何で人が集まらないかはやっぱり労働に対する賃金の低さですよね。
先日そういう特集をやってましたが林業って重労働なのにちょっとびっくりするほど給料が安かったんです。
そこが改善されないと難しいですよね。

過疎化対策&労働力の提供そういうの実施していて上手くいってるところもあるみたいですね。
学生が農業を手伝って野菜をもらえるとか。
そういうのを企業でっていうのも良い考えかも。
返信する
なるほど。 (けんた)
2009-02-06 00:57:19
まず何で林業が低賃金なのかが気になりますよね。重労働な上に専門性が必要な職種だからそんなことないとばっかり思っていたんですが・・・何なんだろう?木材の販売単価が安いのかな?流通過程が多過ぎるからコスト高とかかな?

ちょっと調べてみます。

あの記事書いた後に色々と思ったことなんですけど、例えばボランティアだとか、地域貢献だとか、あとは最近流行りのエコ活動だとか、こういうのって企業にとってなかなかインセンティブが働かないんですよね。何故なら金にならないので。

特にエコなんていうのは、最近で言うとコスト削減(しかも微々たる削減)が出来るっていう方が全面に出てきちゃってるし、あとは企業に対する枠組みとして、そういうものが強制的に発動されちゃうから、致し方なく導入している節もあるわけです。つまり、社会貢献というのは建前でしかないわけです。

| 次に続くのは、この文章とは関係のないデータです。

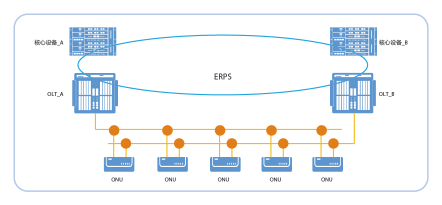 OLT上行以太環(huán)網(wǎng)保護(hù)采用ERPS(Ethernet Ring Protection Switching,以太環(huán)網(wǎng)保護(hù)倒換)技術(shù)實(shí)現(xiàn)。ERPS是ITU-T發(fā)布的G.8032中的環(huán)網(wǎng)協(xié)議,不但多個(gè)OLT之間可以組成環(huán)網(wǎng),還可以和其他支持ERPS的設(shè)備組環(huán)網(wǎng)。ERPS收斂速度快,能夠滿足工業(yè)高可靠性要求。
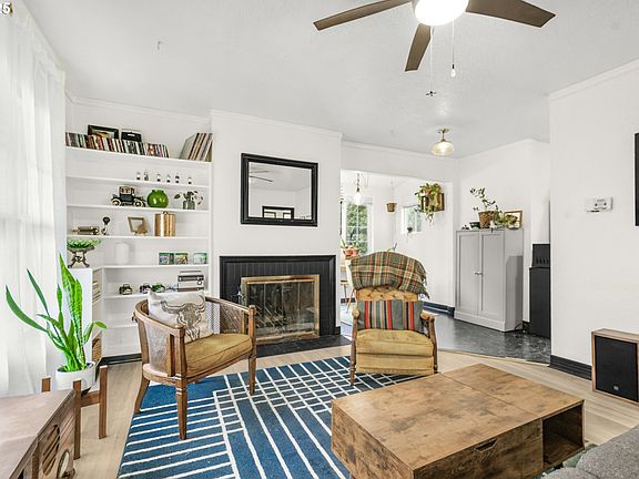 Charming Move-In Ready Bungalow in Woodland Park neighborhood! This beautifully updated home offers the perfect blend of character and modern comfort. On a .14-acre lot with a spacious fenced backyard, this bright and inviting bungalow features a cozy living room with a wood-burning fireplace and built-in shelving. The adjacent dining area has a vaulted ceiling and three large windows, filling the space with natural light. The kitchen offers direct access to the covered back deck, perfect for outdoor entertaining. The main level includes two generous bedrooms and a full bath with a tub/shower. Downstairs, the finished basement provides additional living space with a large family room, two bedrooms, and another full bath making it perfect for family, guests or office space. Enjoy the large backyard, complete with mature shade trees, a tool shed, and space for a garden. Conveniently located minutes from restaurants, parks, shopping, schools, and Adventist Health Hospital, this home also has excellent walk and bike scores with multiple public transportation options nearby. [Home Energy Score = 5. HES Report at https://rpt.greenbuildingregistry.com/hes/OR10236988]
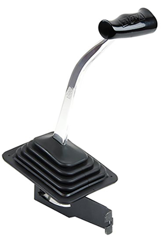 Want to turn your column shifter into a floor shifter and still retain that performance ‘flavour’? The Unimatic shifter is just the ticket! It looks identical to a manual 4-speed shifter and, because of it’s cable operated design, can be installed easily. Similar to B&M top line shifters, it includes a neutral safety switch and 5′ cable. Dimension measures 12.72″ high.
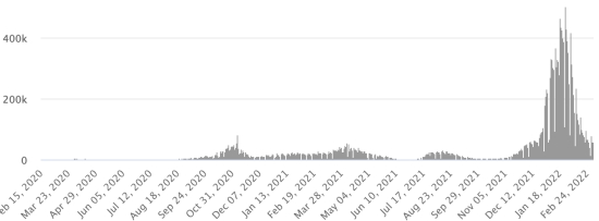 (Jour-1) Vaccination : 10,90 millards de doses de vaccin injectées (+20 millions de doses injectées en 24h. Mise à jour 4 mars 2022 (dernières données disponibles). HAÏTI : Situation épidémiologique : Selon le Ministère de la Santé Publique, +32 nouveaux cas de Covid-19 et de ses variants auraient été confirmés en Haïti en date du 1er mars 2022 (dernières données partielles disponibles) pour un total de 30,382 cas confirmés sur l’ensemble du territoire national (48,7% de femmes et 51,3% hommes), depuis le premier cas (19 mars 2020 https://www.haitilibre.com/article-30319-haiti-sante-origine-des-2-premiers-cas-de-covid-19-en-haiti.html ). Précédente mise à jour (+14 cas le 26 février 2022). Guérisons : 25,485 (+255) Taux de guérison : 83,88% (+) Décès : 820 décès (+0) Taux de mortalité : 2,69% (-) 5ème vague (Omicron dominant) : Total de la 5ème vague (début 27 décembre 2021) s’élève à 4,387 cas confirmés et 54 décès Haïti : Tendance cas actifs : (moins guérisons et décès)

ところが、今は市場全体での需要量が減っているから供給量もそれに合わせて減らさなければならないわけで、その結果として発生した余剰労働をどうにか消化しなくちゃいけないという機運が全世界で発生しているわけで、だからこそ「派遣切り」だとか「ワークシェアリング」というキーワードが、さも新しいトレンドのように注目され始めている。

で、あれば、その(言葉は悪いですが)余剰労働を消化するために、さっきのような「建前」を全面に出しながらやれば良いんじゃないの?とふと思っただけです。

個人的には「建前」がなんであれ、社会貢献は良いことだと思いますし、その中で学べることもたくさんあると思っているので、「企業に良いように扱われている」ではなく「普段触れることの出来ない新しい価値観に触れることが出来る機会」程度に捉えれば良いんじゃないかと思うんですけどね・・・。

当然、それが大掛かりになれば(例えば大企業がたくさん参画するなど)、社会的なプラスな効果も与えられると思いますし。

なんてことを思ったわけです、漠然と。